--- Stored data ---

============================================================

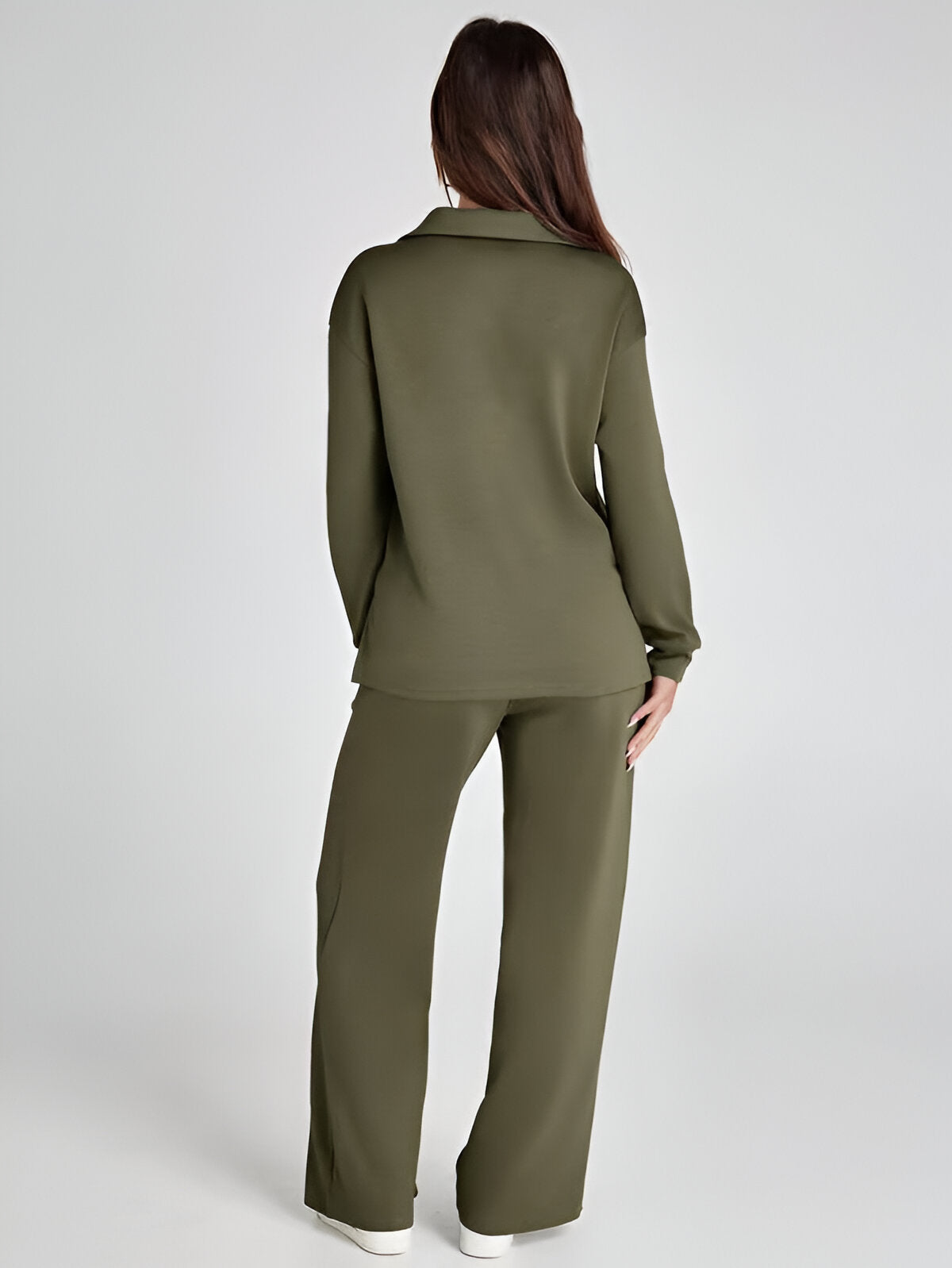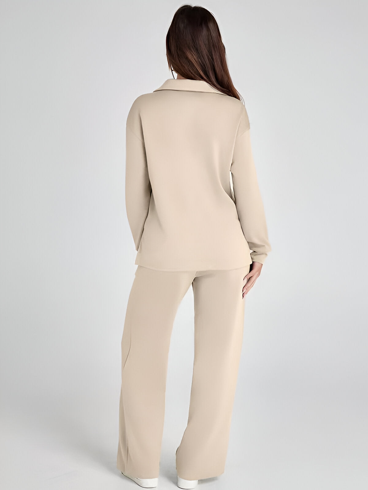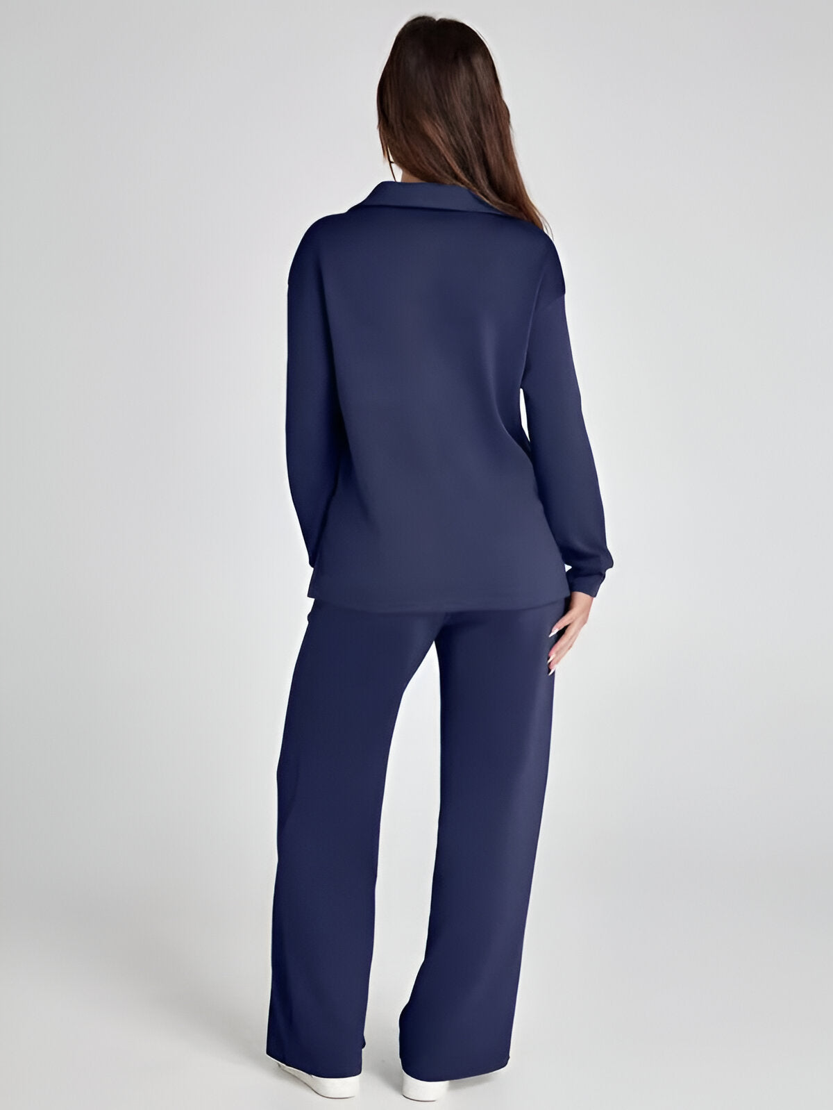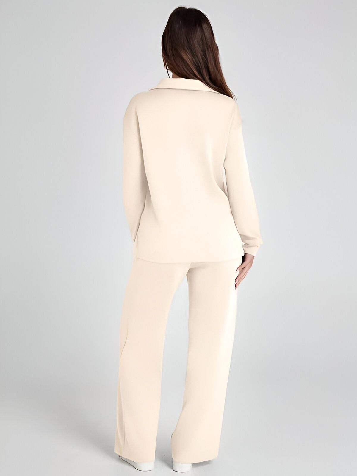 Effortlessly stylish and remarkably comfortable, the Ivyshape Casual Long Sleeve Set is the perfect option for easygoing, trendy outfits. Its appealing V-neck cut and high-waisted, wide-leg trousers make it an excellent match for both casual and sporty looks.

============================================================

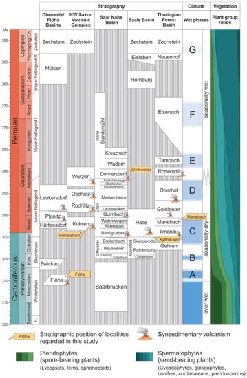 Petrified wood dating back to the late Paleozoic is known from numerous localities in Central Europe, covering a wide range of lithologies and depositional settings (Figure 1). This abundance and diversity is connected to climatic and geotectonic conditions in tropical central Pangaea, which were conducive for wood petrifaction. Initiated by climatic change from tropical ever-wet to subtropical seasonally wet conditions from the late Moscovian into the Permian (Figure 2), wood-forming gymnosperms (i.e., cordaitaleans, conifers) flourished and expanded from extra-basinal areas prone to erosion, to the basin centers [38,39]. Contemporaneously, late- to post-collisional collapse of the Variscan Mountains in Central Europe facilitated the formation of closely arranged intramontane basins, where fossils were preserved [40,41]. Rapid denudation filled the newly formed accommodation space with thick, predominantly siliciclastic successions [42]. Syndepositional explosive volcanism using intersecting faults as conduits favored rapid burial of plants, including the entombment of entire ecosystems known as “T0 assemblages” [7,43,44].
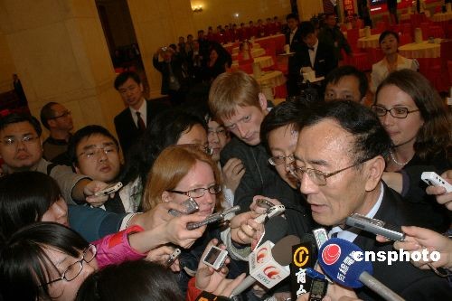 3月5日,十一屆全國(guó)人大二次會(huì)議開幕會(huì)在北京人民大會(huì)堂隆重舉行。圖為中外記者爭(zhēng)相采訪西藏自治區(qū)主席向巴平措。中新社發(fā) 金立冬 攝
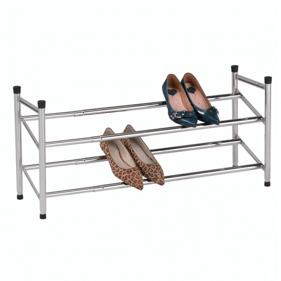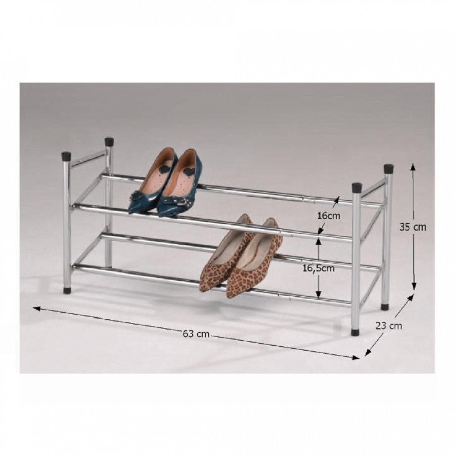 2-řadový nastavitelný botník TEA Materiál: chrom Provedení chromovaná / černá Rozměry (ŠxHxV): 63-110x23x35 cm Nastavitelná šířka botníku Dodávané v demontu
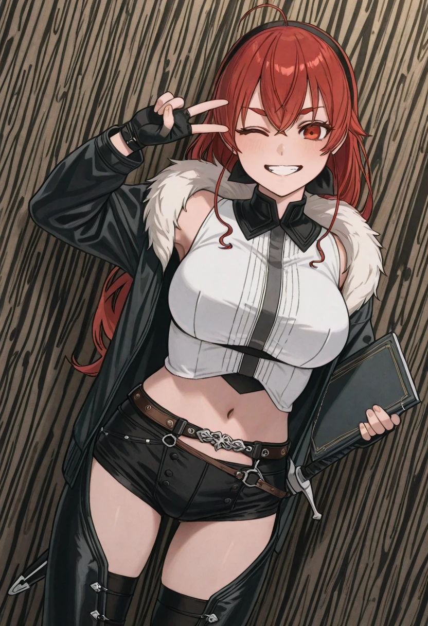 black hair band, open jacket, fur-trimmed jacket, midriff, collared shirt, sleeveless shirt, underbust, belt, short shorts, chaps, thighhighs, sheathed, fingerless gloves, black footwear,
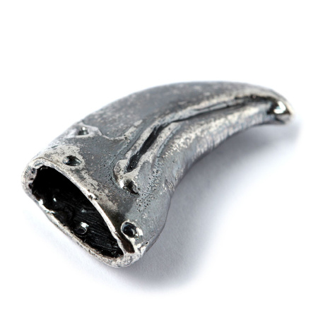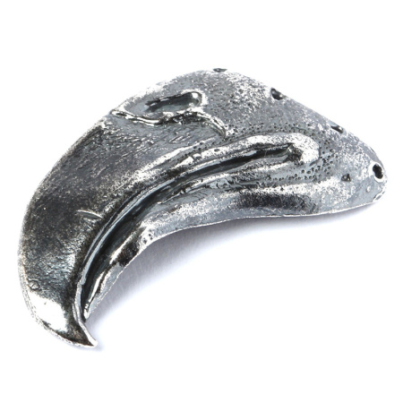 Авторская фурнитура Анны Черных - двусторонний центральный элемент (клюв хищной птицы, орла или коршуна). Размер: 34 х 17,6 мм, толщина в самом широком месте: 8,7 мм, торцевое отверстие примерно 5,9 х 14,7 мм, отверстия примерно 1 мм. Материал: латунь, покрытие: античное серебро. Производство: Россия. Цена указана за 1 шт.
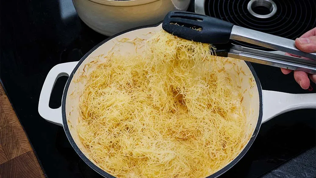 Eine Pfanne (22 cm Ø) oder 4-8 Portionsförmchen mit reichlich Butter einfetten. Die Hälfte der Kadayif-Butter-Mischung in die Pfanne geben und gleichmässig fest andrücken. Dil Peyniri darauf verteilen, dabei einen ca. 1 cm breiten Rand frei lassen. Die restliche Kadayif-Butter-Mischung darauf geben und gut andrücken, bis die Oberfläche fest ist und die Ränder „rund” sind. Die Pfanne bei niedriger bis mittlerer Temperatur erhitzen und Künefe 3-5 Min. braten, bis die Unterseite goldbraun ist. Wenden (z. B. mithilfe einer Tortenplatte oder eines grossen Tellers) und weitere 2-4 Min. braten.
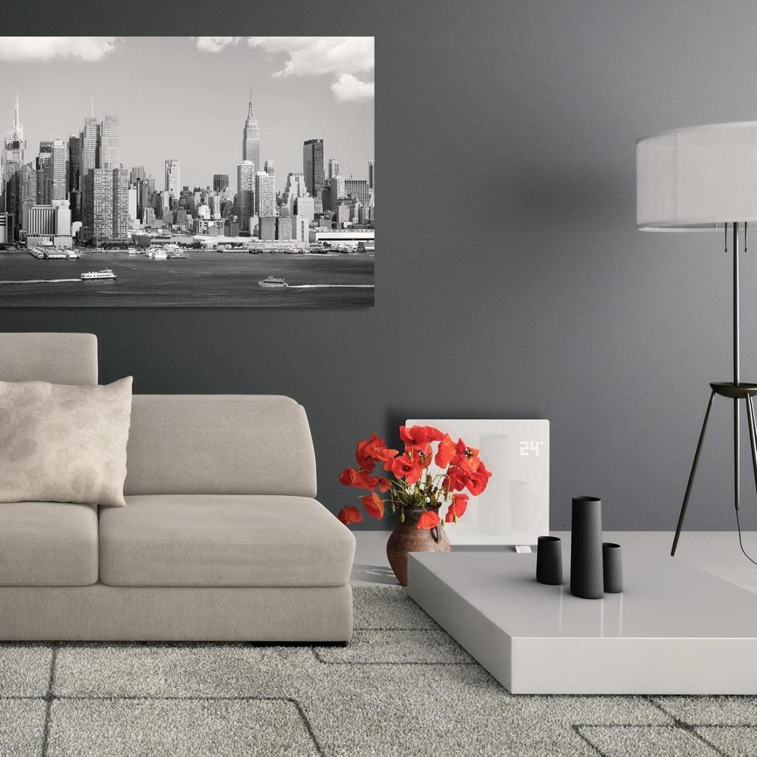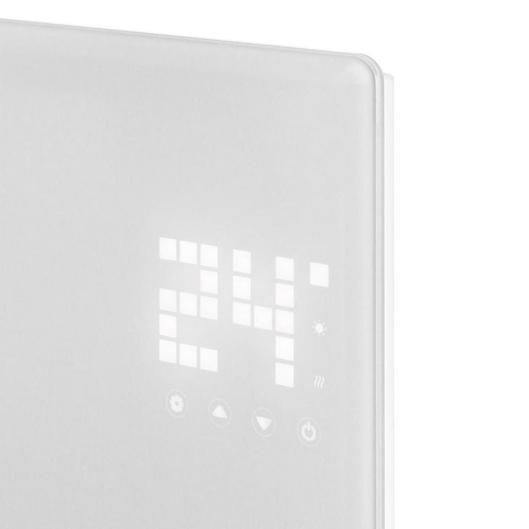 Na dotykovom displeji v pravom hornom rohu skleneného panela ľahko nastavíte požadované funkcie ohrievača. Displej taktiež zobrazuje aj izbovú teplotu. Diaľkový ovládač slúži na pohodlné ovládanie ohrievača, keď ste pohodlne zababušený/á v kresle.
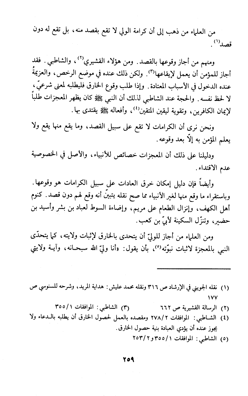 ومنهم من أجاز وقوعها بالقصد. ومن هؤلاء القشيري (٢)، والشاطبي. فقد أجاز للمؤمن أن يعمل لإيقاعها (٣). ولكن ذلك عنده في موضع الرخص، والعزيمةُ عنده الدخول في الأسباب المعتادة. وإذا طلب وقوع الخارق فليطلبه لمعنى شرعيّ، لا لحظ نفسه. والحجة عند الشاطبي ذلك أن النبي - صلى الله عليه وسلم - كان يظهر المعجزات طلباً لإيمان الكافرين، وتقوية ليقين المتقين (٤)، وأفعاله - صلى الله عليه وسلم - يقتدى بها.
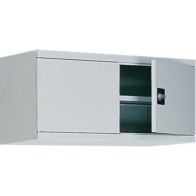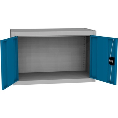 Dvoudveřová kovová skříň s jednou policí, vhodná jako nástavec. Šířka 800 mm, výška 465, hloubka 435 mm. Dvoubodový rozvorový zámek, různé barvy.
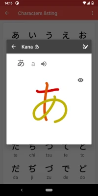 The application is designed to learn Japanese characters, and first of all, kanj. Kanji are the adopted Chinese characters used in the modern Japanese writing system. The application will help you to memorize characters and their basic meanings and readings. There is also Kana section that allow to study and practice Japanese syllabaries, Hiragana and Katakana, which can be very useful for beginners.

============================================================

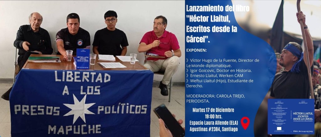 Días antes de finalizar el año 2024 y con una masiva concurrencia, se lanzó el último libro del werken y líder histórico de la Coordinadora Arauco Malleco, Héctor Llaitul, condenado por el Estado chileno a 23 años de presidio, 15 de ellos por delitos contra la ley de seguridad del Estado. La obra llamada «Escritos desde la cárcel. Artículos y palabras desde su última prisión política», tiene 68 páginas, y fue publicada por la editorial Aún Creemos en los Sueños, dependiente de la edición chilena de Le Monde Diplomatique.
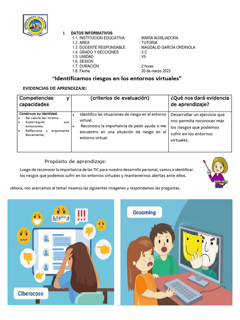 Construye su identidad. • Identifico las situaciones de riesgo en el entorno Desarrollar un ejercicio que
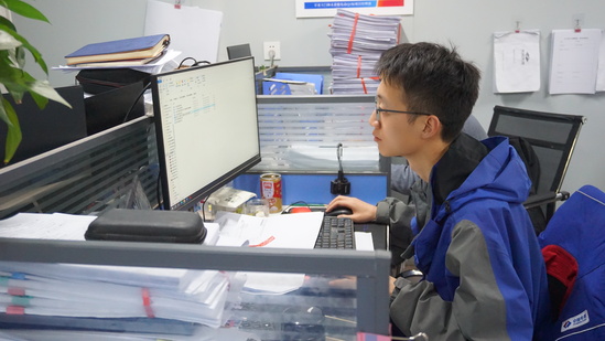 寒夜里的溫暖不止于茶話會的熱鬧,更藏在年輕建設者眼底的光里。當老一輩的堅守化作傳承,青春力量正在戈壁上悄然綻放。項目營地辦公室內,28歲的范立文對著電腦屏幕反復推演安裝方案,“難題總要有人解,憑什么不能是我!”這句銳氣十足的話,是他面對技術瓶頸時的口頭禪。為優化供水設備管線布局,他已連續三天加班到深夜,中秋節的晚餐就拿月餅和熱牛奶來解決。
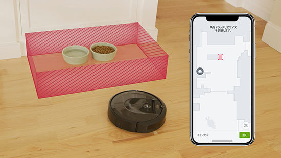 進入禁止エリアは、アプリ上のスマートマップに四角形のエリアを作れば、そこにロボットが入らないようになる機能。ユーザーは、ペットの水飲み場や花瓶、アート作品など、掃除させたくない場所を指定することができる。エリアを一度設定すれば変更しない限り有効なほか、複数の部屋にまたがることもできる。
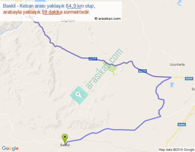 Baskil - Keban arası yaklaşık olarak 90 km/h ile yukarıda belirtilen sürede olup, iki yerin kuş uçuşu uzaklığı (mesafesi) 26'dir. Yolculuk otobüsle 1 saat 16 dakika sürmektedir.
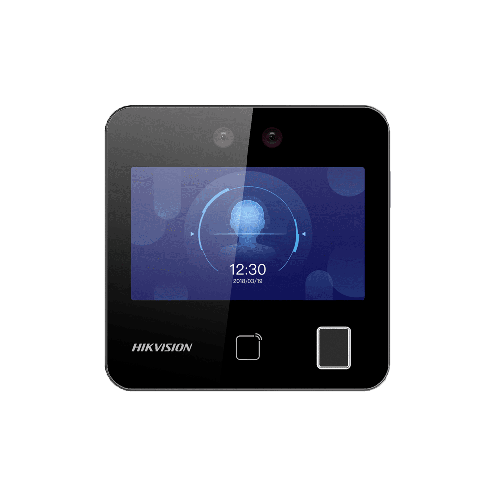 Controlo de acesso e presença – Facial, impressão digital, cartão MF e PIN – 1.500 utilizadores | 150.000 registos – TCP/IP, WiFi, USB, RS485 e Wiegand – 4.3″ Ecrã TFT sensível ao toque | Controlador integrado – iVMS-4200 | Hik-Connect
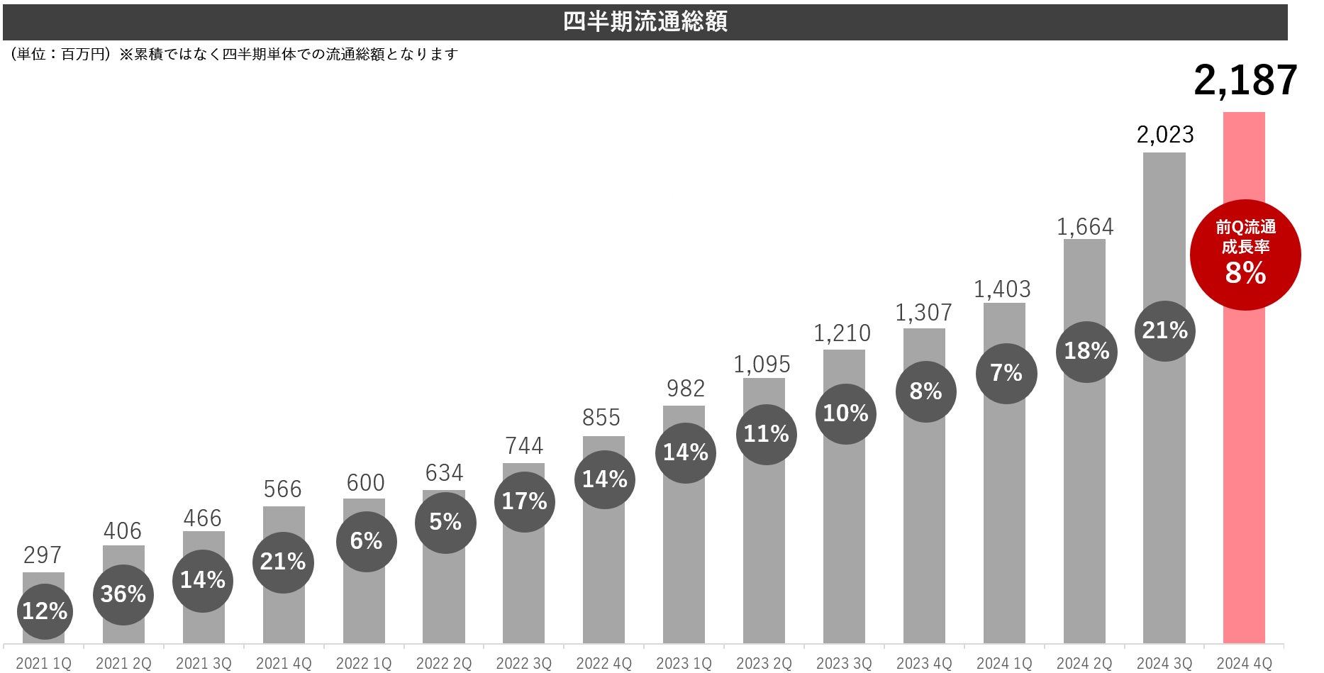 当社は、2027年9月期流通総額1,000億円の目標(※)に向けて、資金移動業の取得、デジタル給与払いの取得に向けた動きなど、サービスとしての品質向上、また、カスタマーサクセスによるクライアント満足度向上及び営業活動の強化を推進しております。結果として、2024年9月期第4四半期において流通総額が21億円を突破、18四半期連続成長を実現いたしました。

============================================================

--- Instructions for the task ---
Nothing but the lines from the one with "Na dotykovom displeji" up to and including the one with "The application is" should be printed, exactly as they read above. Please keep the pictures out.

--- Task response ---
 Na dotykovom displeji v pravom hornom rohu skleneného panela ľahko nastavíte požadované funkcie ohrievača. Displej taktiež zobrazuje aj izbovú teplotu. Diaľkový ovládač slúži na pohodlné ovládanie ohrievača, keď ste pohodlne zababušený/á v kresle.
 ومنهم من أجاز وقوعها بالقصد. ومن هؤلاء القشيري (٢)، والشاطبي. فقد أجاز للمؤمن أن يعمل لإيقاعها (٣). ولكن ذلك عنده في موضع الرخص، والعزيمةُ عنده الدخول في الأسباب المعتادة. وإذا طلب وقوع الخارق فليطلبه لمعنى شرعيّ، لا لحظ نفسه. والحجة عند الشاطبي ذلك أن النبي - صلى الله عليه وسلم - كان يظهر المعجزات طلباً لإيمان الكافرين، وتقوية ليقين المتقين (٤)، وأفعاله - صلى الله عليه وسلم - يقتدى بها.
 Dvoudveřová kovová skříň s jednou policí, vhodná jako nástavec. Šířka 800 mm, výška 465, hloubka 435 mm. Dvoubodový rozvorový zámek, různé barvy.
 The application is designed to learn Japanese characters, and first of all, kanj. Kanji are the adopted Chinese characters used in the modern Japanese writing system. The application will help you to memorize characters and their basic meanings and readings. There is also Kana section that allow to study and practice Japanese syllabaries, Hiragana and Katakana, which can be very useful for beginners.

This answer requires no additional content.